Громила сгреб меня за шиворот и вздернул в положение, отдаленно напоминавшее стоячее. На минутку я повис у него на руках, полусогнувшись, словно человек, выронивший мелочь, шляпа медленно сползала у меня с головы. Взвизгнув шинами, рядом затормозила огромная машина. Кто-то заботливо подхватил мою все-таки свалившуюся шляпу, а державший меня за шиворот сунул мне пальцы под ремень и отволок к бровке тротуара. Смысла сопротивляться не было никакого. Действовали они слаженно — было понятно: такое они уже много раз проделывали и прежде. Теперь они взяли меня в крепкое кольцо, один распахнул дверцу машины и зашвырнул на заднее сиденье мою шляпу, другой волочил меня, будто куль картошки, а третий держал наготове трость, на случай, если я воспротивлюсь намерению отправиться с ними на пикник.
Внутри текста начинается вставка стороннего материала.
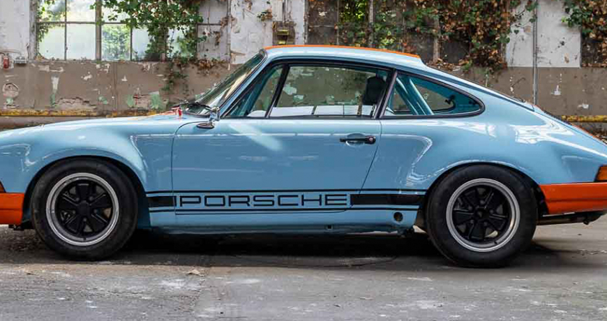 Die angebotene 911 2.3 S/T Recreation aus der C-Serie (Modelljahr 1970, Basis 911 2.2 T Coupé) beeindruckt durch ihre Präsenz. Die makellose Restauration, die mit Liebe zum Detail und absoluter Präzision die perfekte Fahrbarkeit des fertigen Fahrzeuges zum Ziel hatte, wird den damaligen Werks-Umbausätzen auf 2.3 S/T in jedem Punkt gerecht. Die perfekte Einstellung der Bosch-MFI-Einspritzpumpe und das clevere Bedienkonzept mit Standgashebel machen den Rennwagen locker alltagstauglich. Dafür sorgt auch die Auspuffanlage, die auf der einen Seite den unvergleichlichen Ton des an das 911/20-Aggregat angelehnten Triebwerks herausarbeitet, auf der anderen Seite aber voll straßentauglich ist. Damit ist die 911 2.3 S/T Recreation dank ihres FIA HTP Wagenpasses nicht nur für sämtliche klassischen Rennveranstaltung tauglich, sondern auch für die schnelle Ausfahrt am Sonntagmorgen.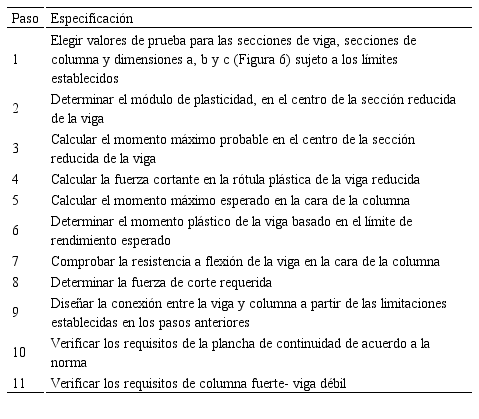 Las conexiones como se expuso anteriormente, están precalificadas para usarse en pórticos especiales a momento (SMF) dentro de las limitaciones expuesta por las especificaciones normativas descrita para el sistema, límites de precalificación en miembros de vigas y columnas, zona panel, relación columna fuerte-viga débil, configuración y detallado de cada tipo de conexión. Para realizar el chequeo de la conexión tipo RBS conforme a la normativa AISC/ANSI 358-16 [5], se procede con la siguiente secuencia de pasos (ver Tabla 1)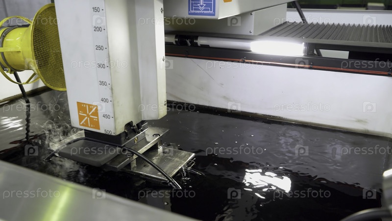 Металлическая резка под водой на заводе. Сцена. Обработка стальной части, которая охлаждается водопроводным и вентиляторным агрегатом на предприятии. Подводная методология резки металла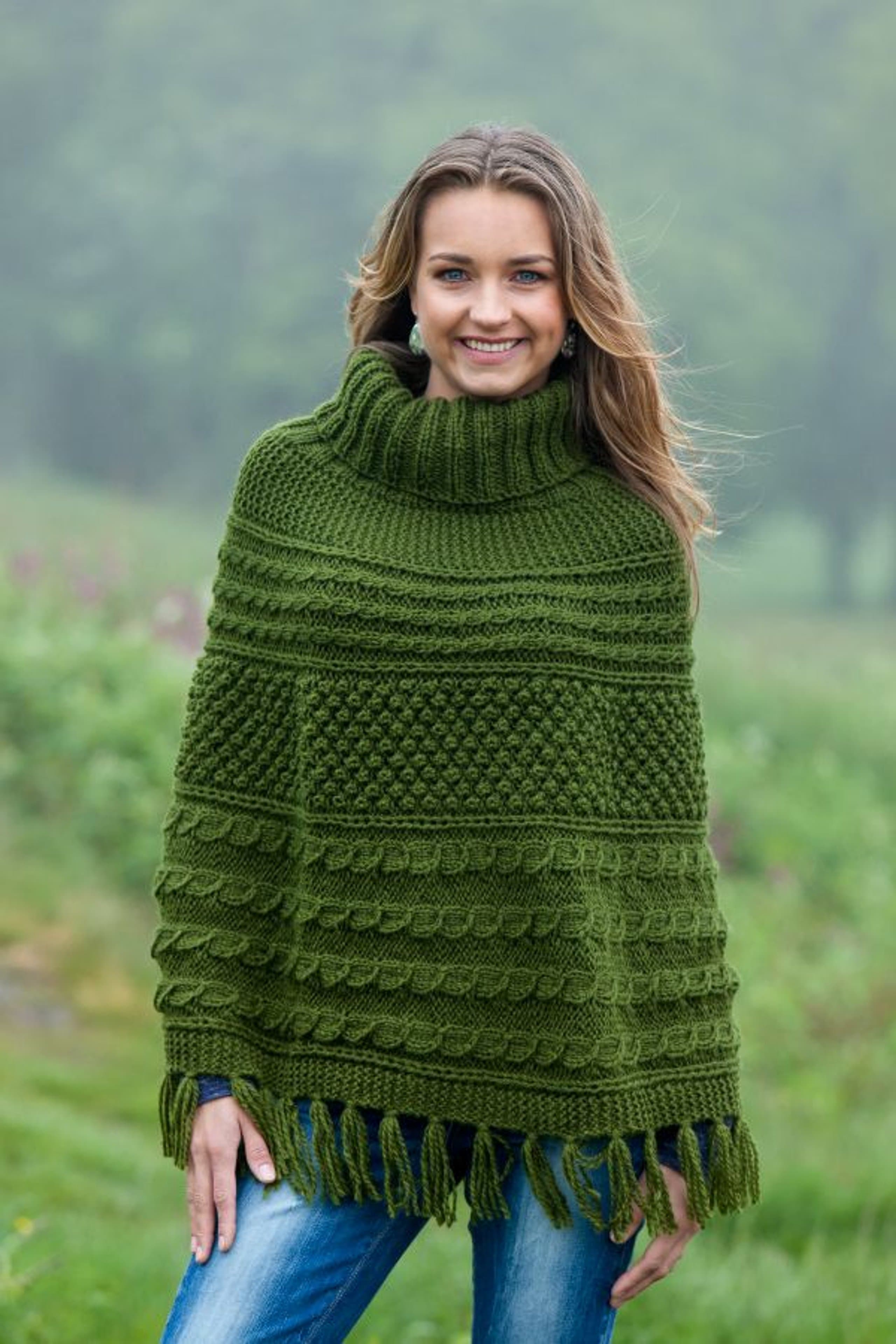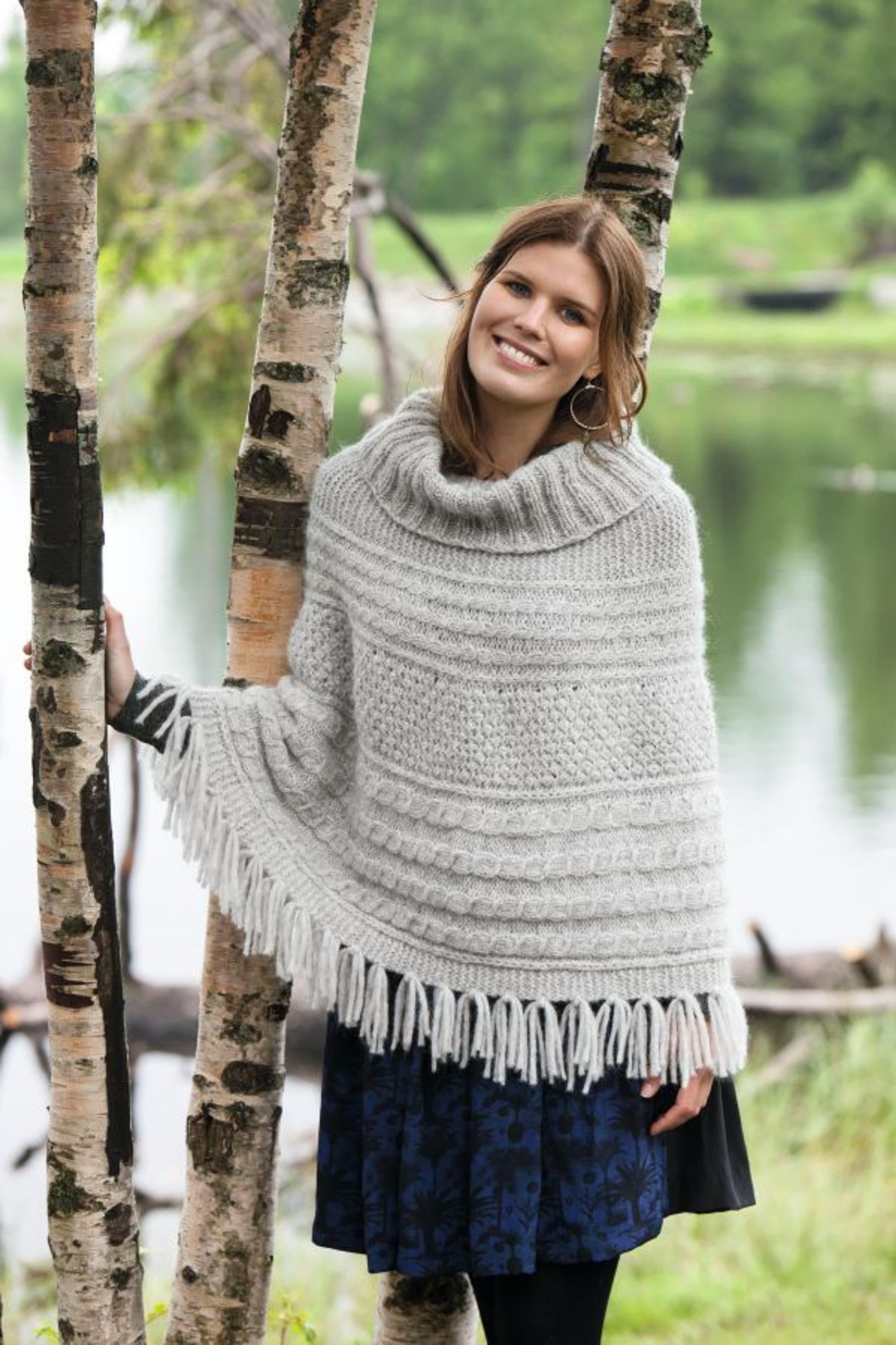 Poncho med fletter og høy hals eller pomponger

Вблизи все они пахли и выглядели, будто персонажи с картины Иеронима Босха: мое бледное, потеющее, смирившееся лицо окружала триада — глупость, скотство и ненависть. Перебитые носы. Черные дырки меж зубов. Злобные глаза. Отросшая за день щетина на щеках. Желтые никотиновые пальцы. Воинственные подбородки. Пивное дыхание. Они здорово накачались пивом, прежде чем явиться на встречу: словно меня похищала гильдия баварских пивоваров.
— Нацепи на него лучше наручники, — посоветовал «котелок». — На всякий пожарный. Не то еще отмочит какой фортель.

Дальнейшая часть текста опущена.